And then she thought, It won’t do any good if they just steal it from me, and took it out again and put it on the shelves, wedged in between an old volume 10 of the World Encyclopedia and some novel she’d never heard of. Then she stepped out, locked the door, and began walking toward the school.
The chem lab was busy when she arrived between classes, and she had no trouble slipping into the supply room to put the canister back in place, after carefully wiping her fingerprints from everything she could think of. That moral duty done, she hustled to the admissions office to put in her paperwork to withdraw from school. Nobody seemed surprised. She supposed that there were a lot of withdrawals. Or disappearances.
It was noon when she walked down to Common Grounds. Eve was just arriving, yawning and bleary-eyed; she looked surprised to see Claire as she handed over the cup of tea. “I thought you weren’t supposed to leave the house,” she said. “Michael and Shane said—”

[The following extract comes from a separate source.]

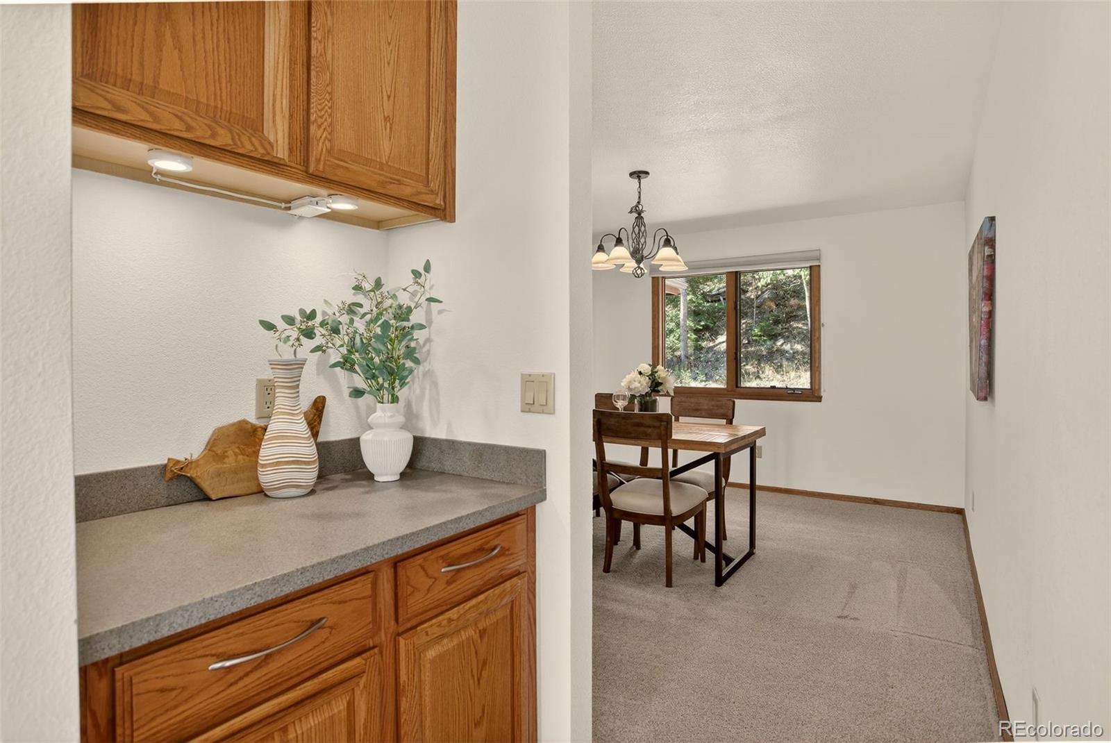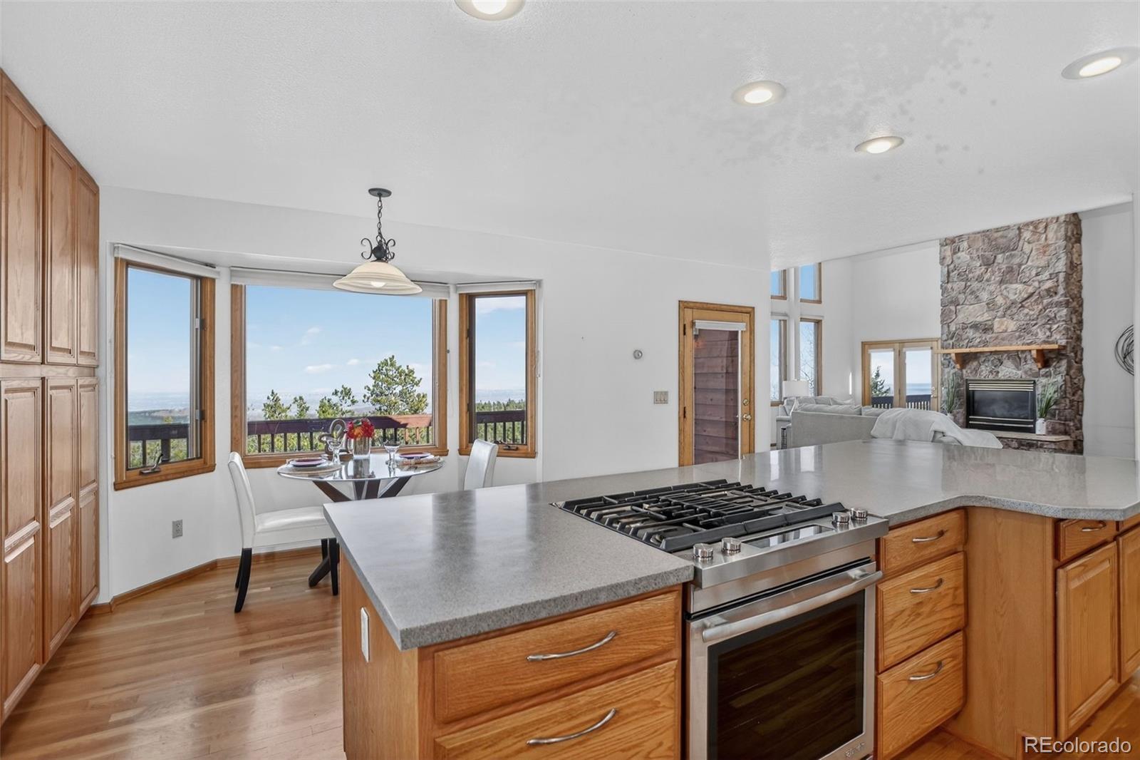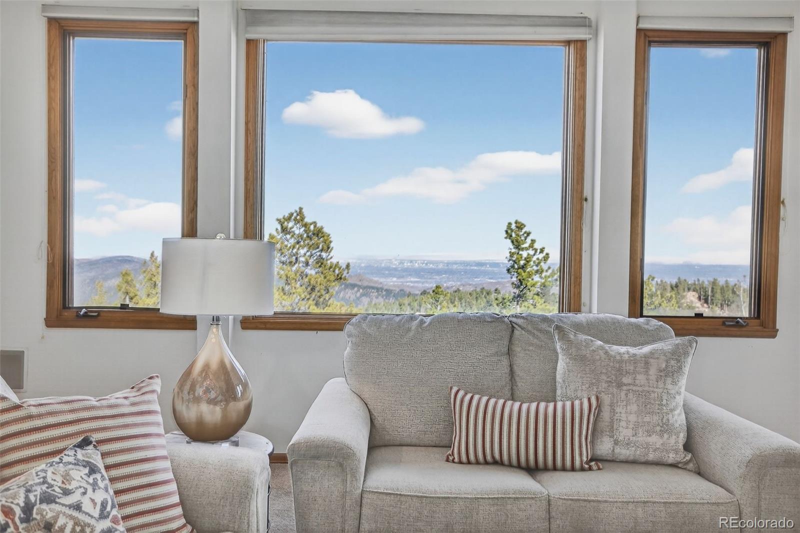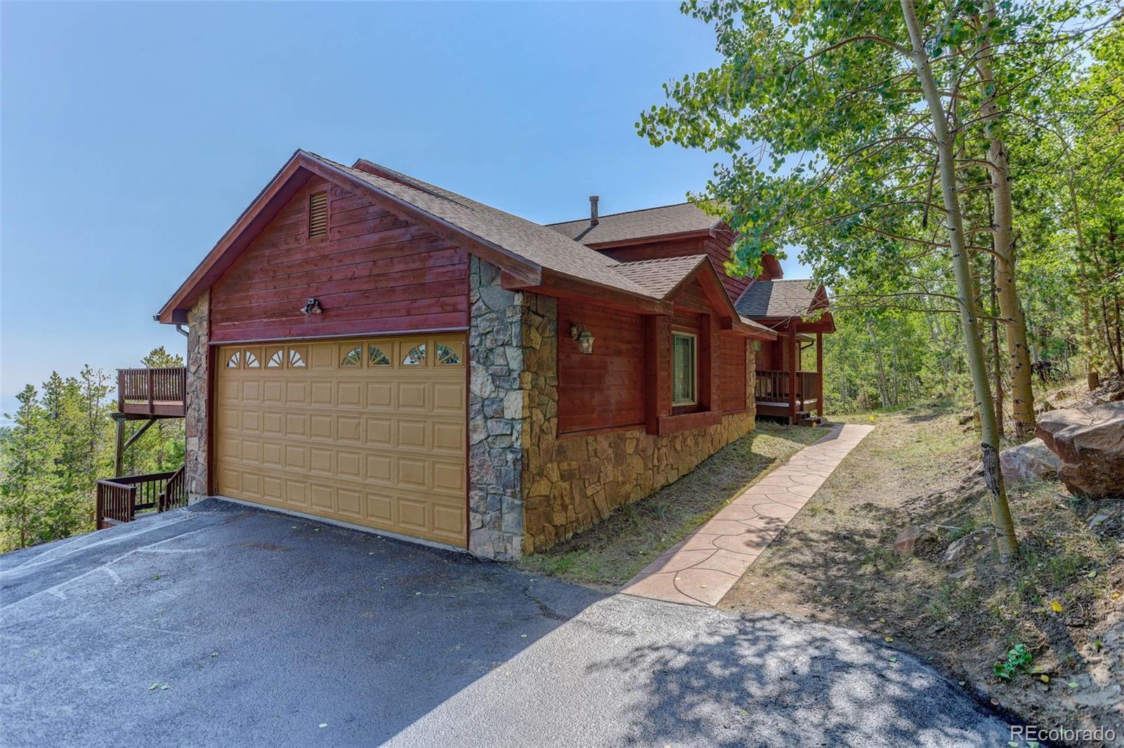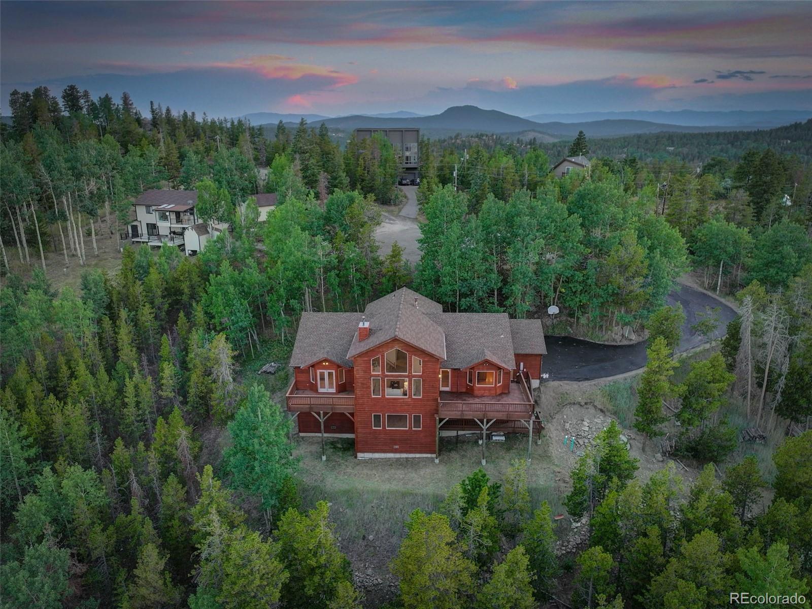 As you enter you'll see views of Denver high-rises and foothills out of the large great room windows. Enjoy horizon sunrise views every morning while you get ready for the start of each new day and city lights ending each day! It only gets better as this home is 100% heated efficiently with in floor radiant heating (Heaven on Earth in winter months) It also captures views of the Continental Divide and city from the kitchen, great room, primary bedroom, basement living room and loft. The tall windows in the great room make it a peaceful place to take in the tranquility of a passing snowstorm with a cozy fire in the gas-log fireplace. This well laid out 5-bedroom mountain home sits on 1.3 acres at the end of a cul-de-sac in Hilldale Pines. The main floor plan allows plenty of room for comfortably gathering and spending time with loved ones. The primary suite with 2 walk-in closets and 5-piece bathroom is located on the main level with the great room, kitchen, dining room, 2nd bedroom, full bathroom and garage access. Two main floor decks for enjoying the fresh mountain air accessible to the kitchen, great room and primary suite. The kitchen has huge island with storage all around, large soft-close drawers and cabinets with pull out drawers, walk-in pantry, hard-surface counters, stainless steel appliances, new sink and faucet, window over the sink, an eating nook with bay window and butler's pantry. A covered front porch provides a reprieve from the elements at the front door. Another living room, 3more bedrooms, a full bath, laundry room and covered deck access complete the basement. The over-sized 2-car garage is insulated & wired for heat, natural light & exterior access door. Exterior stained & driveway resurfaced-August 2025. New main water line, main electrical line, 50-gallon water heater & 5-bedroom septic tank installed 2025! Close to the school bus route for easy access all times of the year. Quick commute to Conifer or Denver! Approx 1-hour commute to DIA.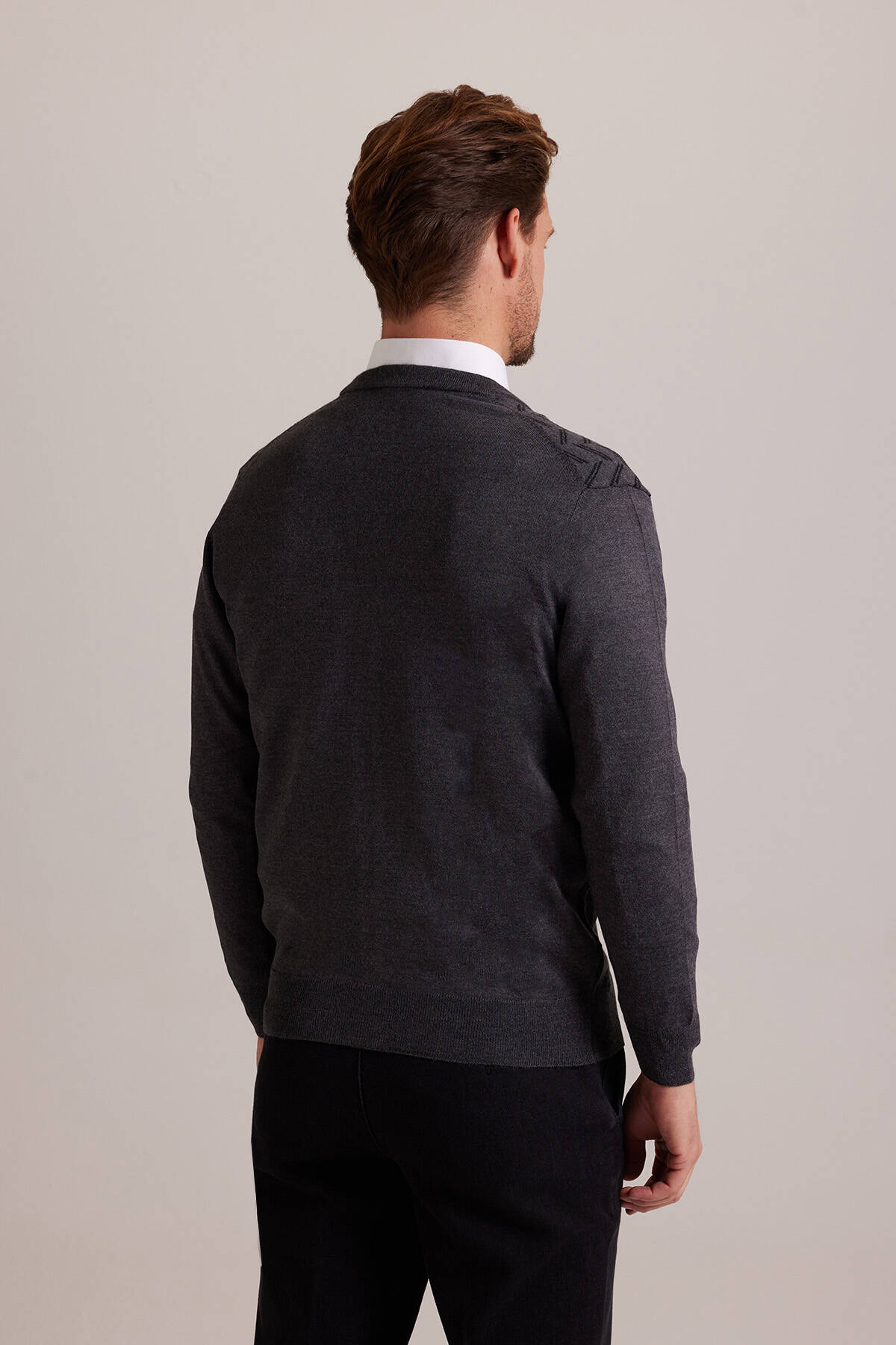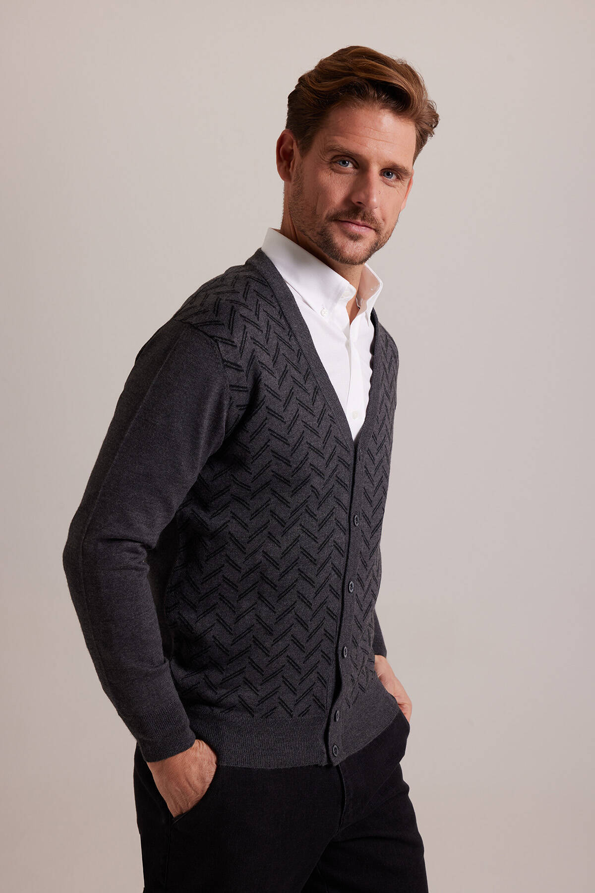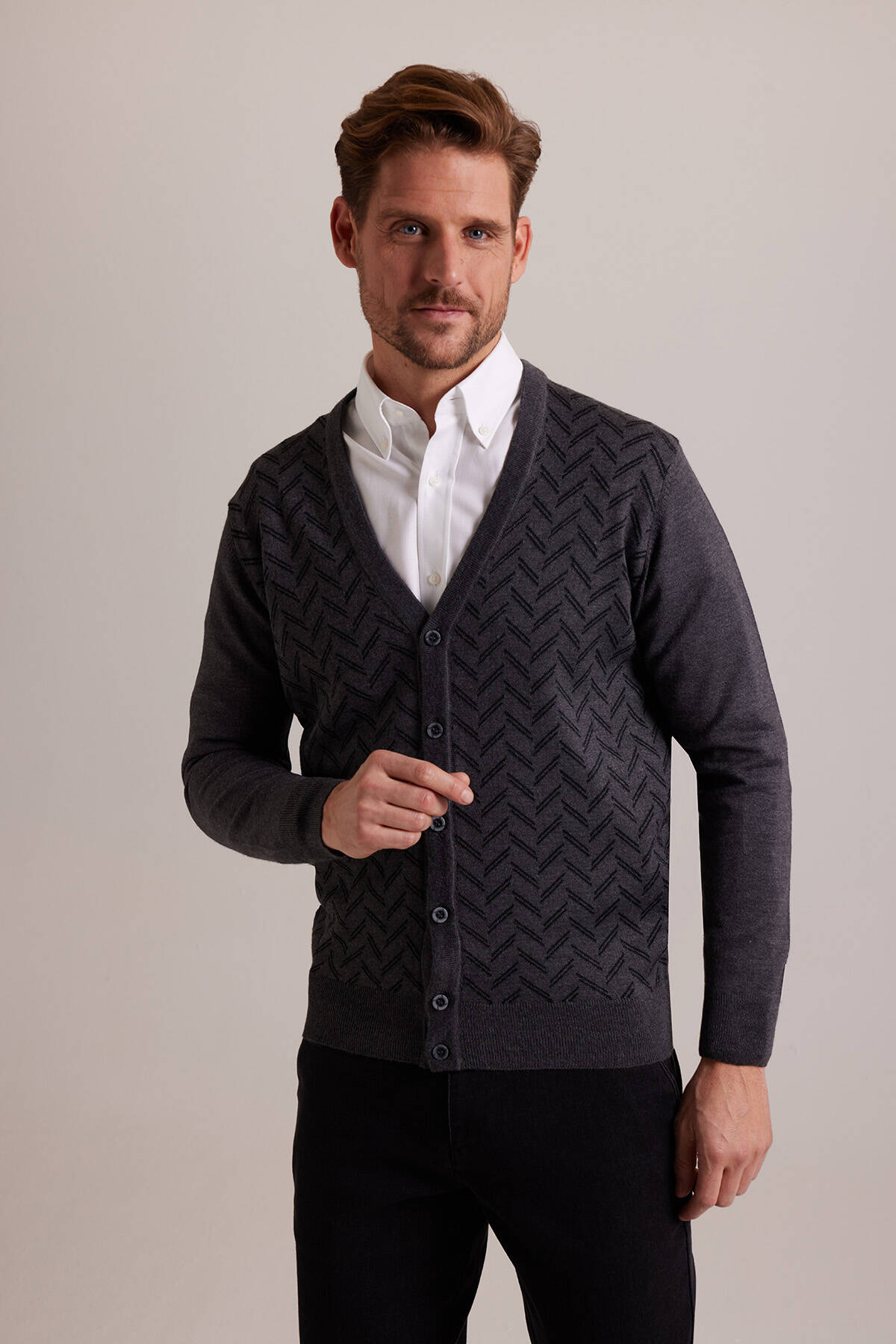 Erkek Gri Desenli Triko Hırka

“I need to talk to Oliver,” Claire said.
“He’s in the back.” Eve pointed. “In the office. Claire? Is there anything wrong?”
“No,” she said. “I think something’s about to be right for a change.”
The door marked OFFICE was closed. She knocked, heard Oliver’s warm voice telling her to enter, and came in. He was sitting behind a small desk in a very small room, windowless, with a computer running in front of him. He smiled at her and stood up to shake her hand. “Claire,” he said. “Good to see you’re safe. I heard there had been some…unpleasantness.”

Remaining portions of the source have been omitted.